Mr Beasley said that threats to global food security have been exacerbated by the upheaval in worldwide fuel and fertiliser markets.

“Without urgent action, food production and crop yields will be slashed. This raises the frightening possibility that on top of today’s food-pricing crisis, the world will also face a genuine crisis of food availability over the next 12 to 24 months — and with it, the spectre of multiple famines.”

Food prices reached a 10-year high in 2022, although there has been a slight easing in the past two months. The crisis has been stoked by Russia’s invasion of Ukraine and its Black Sea blockade preventing crucial grain exports.

Promoting the pamphlet A Global Crisis, Tony Blair said the food crisis now hitting poor countries in Africa, Middle East and Asia “is absolutely likely to cause serious unrest in the same way as it did before the Arab Spring”.

He said: “There is a real risk that this is not simply a problem just for this year but could be worse next year because of the huge problems next year in getting food fertilisers to make the crops succeed.

“This is going to affect millions of people and has to be brought centre stage at the G20 in a way it is not at present. It is understandable when leaders are concentrating on their own cost of living crisis, but I can tell you from my contacts that this issue is a big preoccupation of African leaders.”

An increasing concern is the lack of fertilisers, and their escalating price. In 2021 Russia supplied 23 per cent of African fertiliser imports, doubling its 2020 share, leaving Africa dangerously exposed just as Europe has been exposed by its reliance on Russian gas.

This means, the pamphlet said, “that it’s not just Ukraine from where next year’s harvest — and more to come — will be impacted by the Russian invasion. The soaring price of fertilisers limits the ability of countries to boost their own agricultural productivity just when it is most critical that they make up for a drop in global grain exports.”

The grain crisis is likely to be a big source of conflict at a meeting of G20 foreign ministers in Bali, the first time Sergei Lavrov, the Russian foreign minister, has confronted his western opponents collectively since the crisis began. The US hopes to finally skewer Russia’s false excuses over the blockade.

But many eastern European countries are deeply sceptical that Vladimir Putin is serious about finding a solution to the Black Sea grain blockade. One foreign minister from central Europe said, “Putin wants to start a fire in Africa and the Middle East, and he does not care about the consequences. It is a deliberate strategy.”

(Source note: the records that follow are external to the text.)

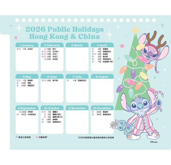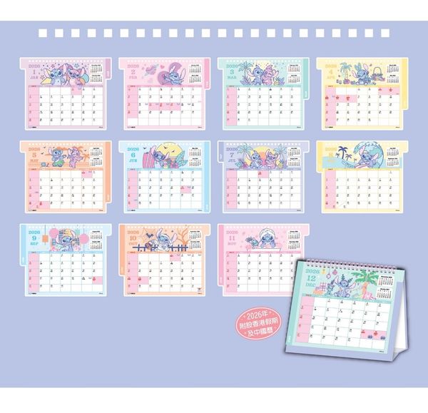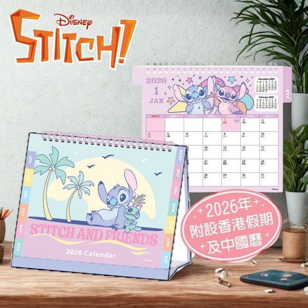 史迪仔-2026年座檯月曆 年曆 日曆 香港假期(迪士尼許可產品)
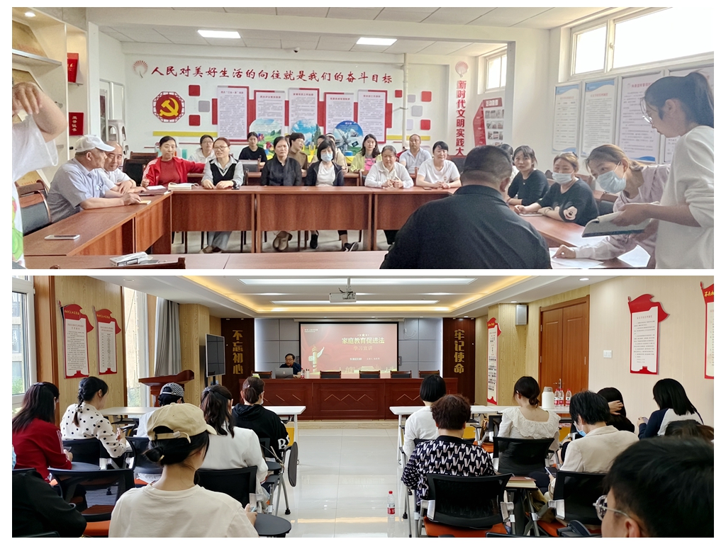 实习学生参加公益性岗位民主测评大会、社区家庭教育促进法学习
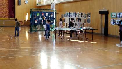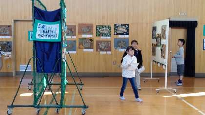 2時間目、4年生が講堂に展示している作品を鑑賞していました。
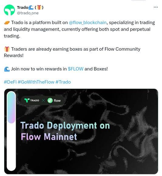 -New derivatives protocol on Flow called @trado_one has been added to @DefiLlama. Twitter bio states “One-Stop Trading Platform with Spot and Perp on @flow_blockchain”. Followed by 1 of our mutuals.
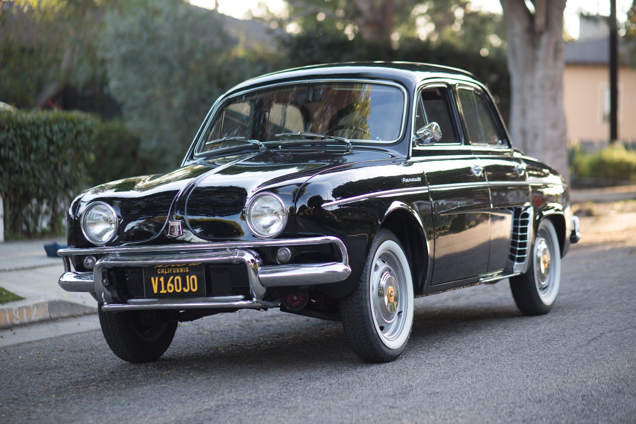Silver-finished 15” steel wheels wear chrome hubcaps accented in gold, and whitewall inserts have been added to the 145-series Kleber radial tires. Four-wheel disc brakes were added under prior ownership. Cracks are visible in the tire sidewalls, and the car is not equipped with a spare tire.
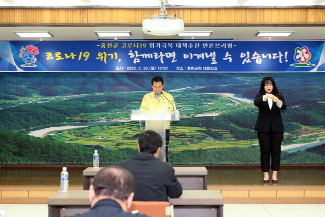 홍천군은 3월 30일 오전 10시 군청 대회의실에서 브리핑을 통해 모든 군민 재난기본소득 지원과 소상공인에 대한 임대료 지원, 상하수도요금 감면지원 등을 발표했다. 필요한 재원 250억 원은 코로나-19로 인해 집행되지 못한 예산, 기편성 세출예산 구조조정을 통한 재원, 순세계잉여금, 재난관련 예비비 등을 통해 마련할 계획이다.

The minister doubted Mr Putin was sincere about a solution to the blockade, pointing out that the UN and Turkish efforts at mediation on a naval convoy had already lasted a month and not yet succeeded.

The UN secretary general, António Guterres, told G7 leaders more than a week ago that the moment of truth in the mediation had been reached, yet there has been no subsequent breakthrough. Putin seems only willing to lift the blockade of Ukraine’s grain-exporting ports if wider Russian sanctions are lifted, Boris Johnson indicated this week.

Poland and other countries are urging the EU to recognise the blockade cannot be lifted by negotiation or by force and should instead focus on exporting the grain by train through Poland. This would require a long-term contract being given to Polish and Baltic ports for them to make the necessary investments.

Official figures on the precise additional impact of the Ukrainian port blockade differ, but UN officials on Wednesday said the conflict will mean an extra 13 million severely malnourished this year and 17 million in 2023. It suggested that if the blockade is not lifted by October, and the next harvest, as much as 70m of grain in Ukraine could be trapped.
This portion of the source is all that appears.